Asya has been traveling different worlds after building a portal for herself. This time she has reached the strange world. This world can be represented as a finite cartesian-coordinate-system
This world is inhabited by Locks and Keys, every lock and key is placed on some integral point on the cartesian plane. These locks and keys can also move but only either parallel to the X-axis or to the Y-axis and they can’t change their direction once they start moving from their original positions.
Once a lock and key meet, they can either continue their movement or they can come out of the cartesian plane and Asya can take that pair back home.

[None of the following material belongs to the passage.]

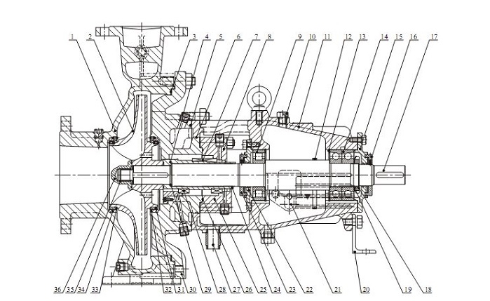 | 1.泵体 | 8、25密封盖 | 15、22轴承压盖 | 21油杯 | 36叶轮螺母 |

Asya knows the original position of all the locks and keys and she wants to take as many pairs as possible, with her. For this, she needs to decide the direction of movement for all the locks and keys and when they make a pair
Once Asya has decided the direction of movement for every
element, the elements start moving in the assigned direction with a speed of 1-unit per unit of time:
Help her find out the maximum number of pairs she can take with her if she assigns the directions optimally.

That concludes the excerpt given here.